Members of Boston’s venture capital community, some of whom had attended the Boston Biotech Working Group dinners, responded by committing to diversifying the boards of companies where they held positions of power. Their pledge, which has been signed by Polaris Partners and F-Prime Capital, among others, aims to increase female representation on boards to 25 percent within the next two years.
Part of the conversation
While the reasons for the gender disparity in biotech entrepreneurship are multifaceted, this effort from the venture capitalists is important for addressing what Bhatia suspects is at least part of the reason for the missing companies.
The startup part of a new biotech company relies on relationships, connections, and having access to information and resources. Whom a professor knows may be more important than the quality or potential of their innovative technology when it comes to getting funding and support.
“One hypothesis is that women are not part of the conversation, not part of the ecosystem,” says Bhatia. “They’re underrepresented on scientific advisory boards. They’re underrepresented in the boardroom. They have less connectivity to the venture capitalists and less access to capital.”
Future Founders represents an institutional effort to broaden “the conversation” to include the women who want to participate, by developing an inclusive culture that encourages and normalizes entrepreneurial pursuits for female faculty
Its first pilot is a boot camp series intended both “to demystify [startups], but also to motivate people about the impact that you can have through that path,” according to Bhatia. “Writing a publication is terrific, but if you’re dreaming of an impact in a different dimension … this can actually be a way forward.”
Bhatia says that Future Founders seems to have hit a nerve. Though it was only lightly promoted at the beginning of a pandemic-impacted semester, they’ve had 400 participants sign up for the online fireside chats. Because of the virtual platform, the organizers decided not to restrict access to the boot camp series. They were happy to see interest from students and postdocs as well as faculty.
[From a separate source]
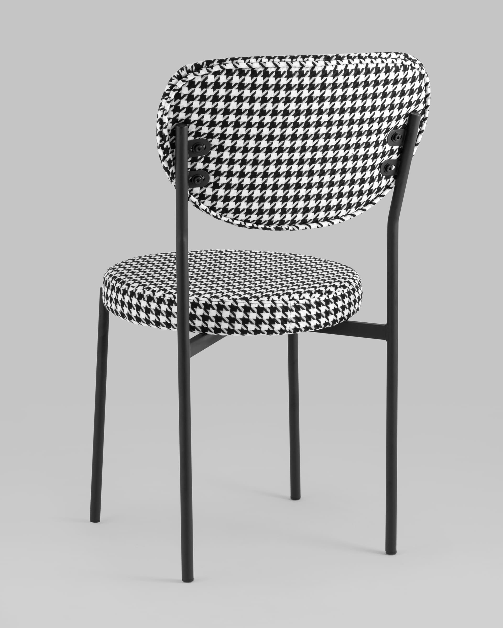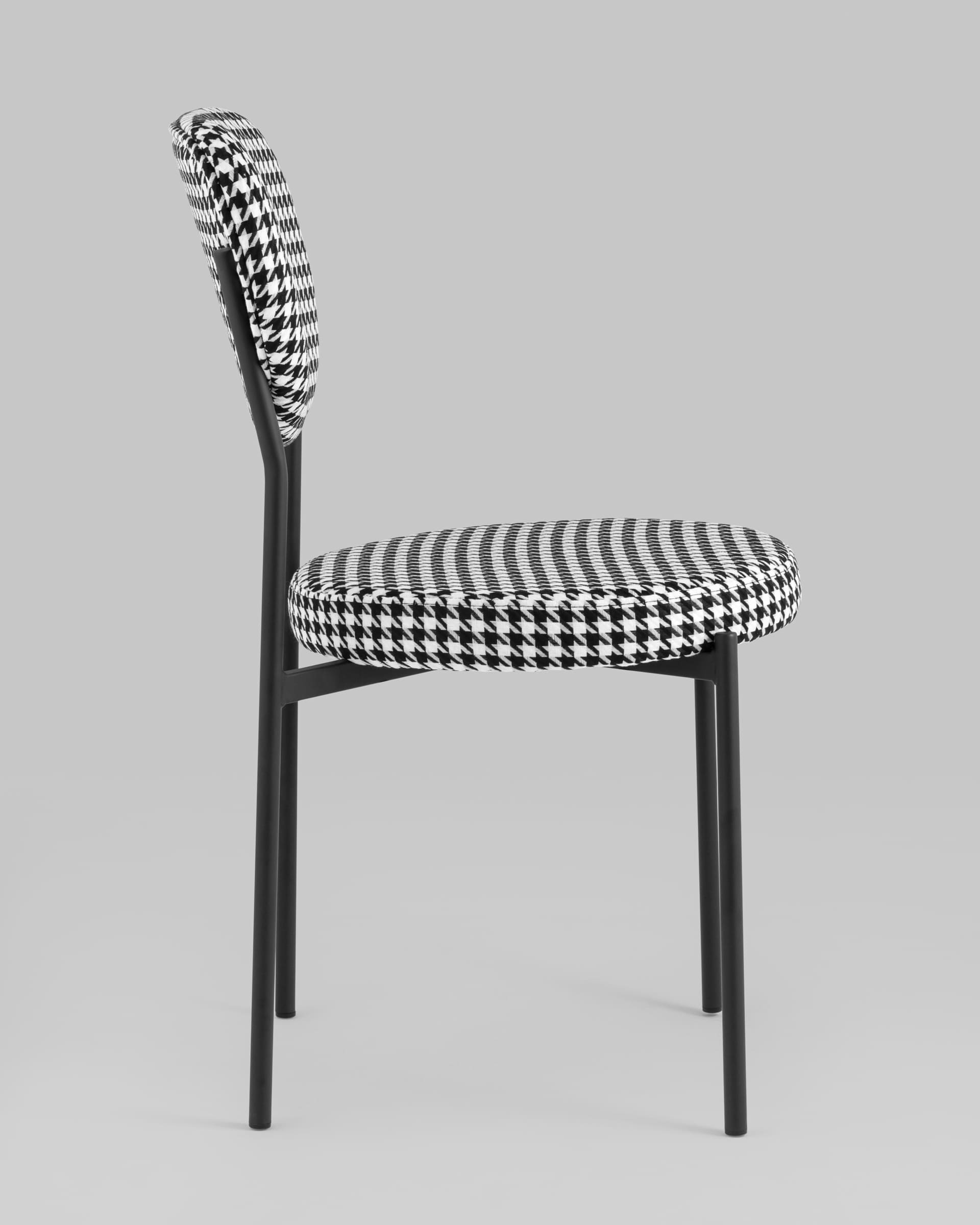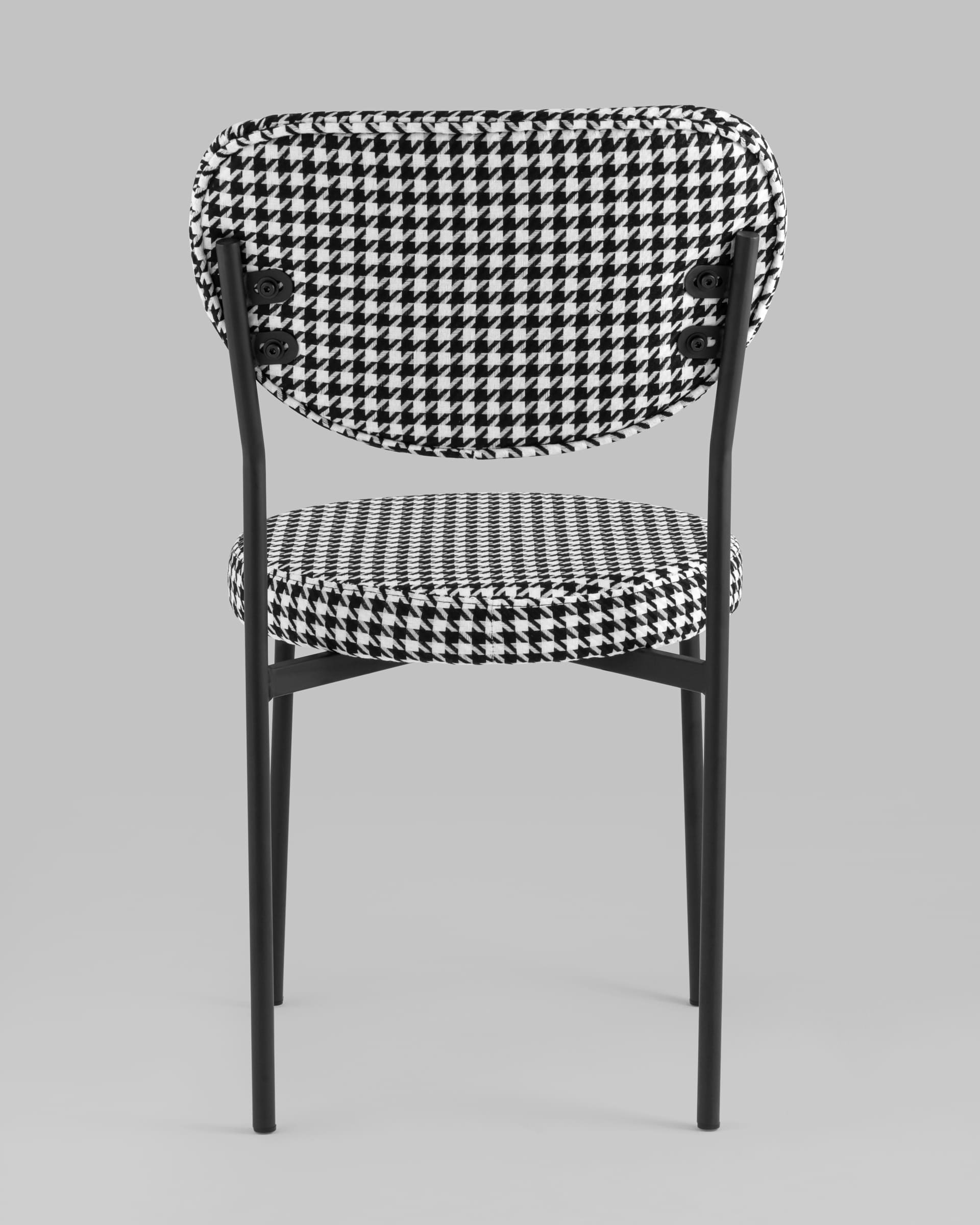 Обивка выполнена из прочной ткани с принтом гусиная лапка, ножки изготовлены из металла в черном цвете. На ножках дополнительно предусмотрены специальные подпятники, которые предотвращают скольжение и повреждение напольного покрытия.

“I think what we’re doing is planting seeds,” says Lodish. “Hopefully in the new year we’ll be able to cultivate some of them to grow by identifying specific women faculty and postdocs who want to take the next step in commercializing some of their ideas or their laboratory’s research”
He says topics will include technology licensing, patents, understanding venture capital, pitching, finding a CEO, and alternative funding options.
Since their “40 missing companies” discovery, Hockfield, Hopkins, and Bhatia have continued analyzing startup data and plan to soon report their findings, along with a perspective on how to move forward. They hope to publish their work as an article in the MIT Faculty Newsletter, a move that would have special historical significance.
In 1999, Hopkins collaborated with other MIT faculty to publish an article in the newsletter documenting pervasive gender discrimination against female faculty at MIT. It “went the ’90s version of viral,” said Bhatia, and led to MIT and other universities implementing policies to help correct institutional gender inequities.
“They fixed what they could within the walls,” said Bhatia. “They worked to transform the academy and now there’s this piece which has to do with the interface of the academy and the outside world, which is starting companies.”